I am writing this text in a little, shabby hotel room in Santa Rosalia, a mining town about 50 km away from the volcano “Las Tres Virgenes”. This is the story of the volcano I have chosen as a starting point for my blog. It is a story about the impact that weather has on my project and how sometimes not getting what you want can be a wonderful stroke of luck.
I developed the idea to start my blog with a piece on “Las Tres Virgenes” because it is located in the north of Mexico and therefore a good starting point for a journey that is southbound. Looking at its location, I decided that the best way to get there would be with a rental car. Therefore I asked a friend of mine to send me my driving license, which I had left in Germany. DHL told her it would take about two weeks for it to arrive in Mexico. Two weeks passed by, then another and another… until I gave up waiting and I decided to fly to La Paz and take a public bus from there.
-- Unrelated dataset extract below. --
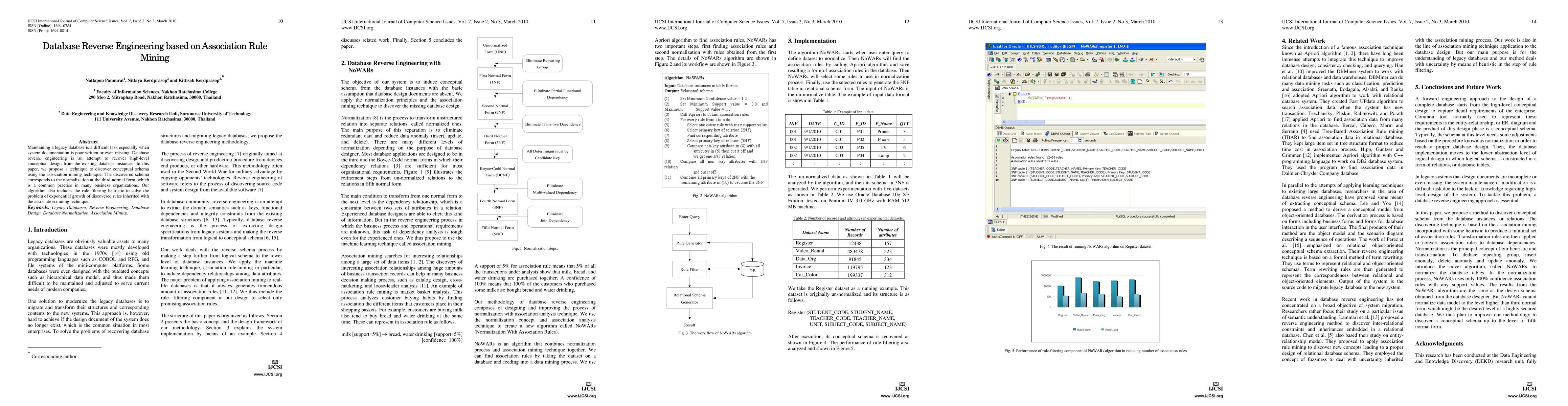 This paper proposes a technique for database reverse engineering using association rule mining to recover high-level conceptual design from legacy databases. The method discovers schemas normalized to the third normal form and includes a rule filtering heuristic to manage the exponential growth of rules.

So far I haven’t regretted my decision. I am here in Santa Rosalia, I can see the volcano “La Reforma” and I know that “Las Tres Virgenes” is just next to it. But unfortunately, there was a hurricane recently and I cannot get hold of “Eco Tours Las Tres Virgines”, the place I wanted to stay initially. It would have been a great base for hikes and the perfect spot for some volcano photography because it is literally at the base of the volcano. But I never managed to get hold of them, neither by mail nor by phone or Facebook. And lacking a driving license and a car, I could not just drive by. So I contacted a hotel in San Ignacio, which is also close, but not as ideal. This morning I received an email from them, stating: “So sorry but because of damage caused by the recent hurricane, we are not able to accommodate guests yet. Enjoy your stay in San Ignacio!“ This might also explain the silence of Eco Tours, the bad roads and all the dust and dirt here in the streets of Santa Rosalia…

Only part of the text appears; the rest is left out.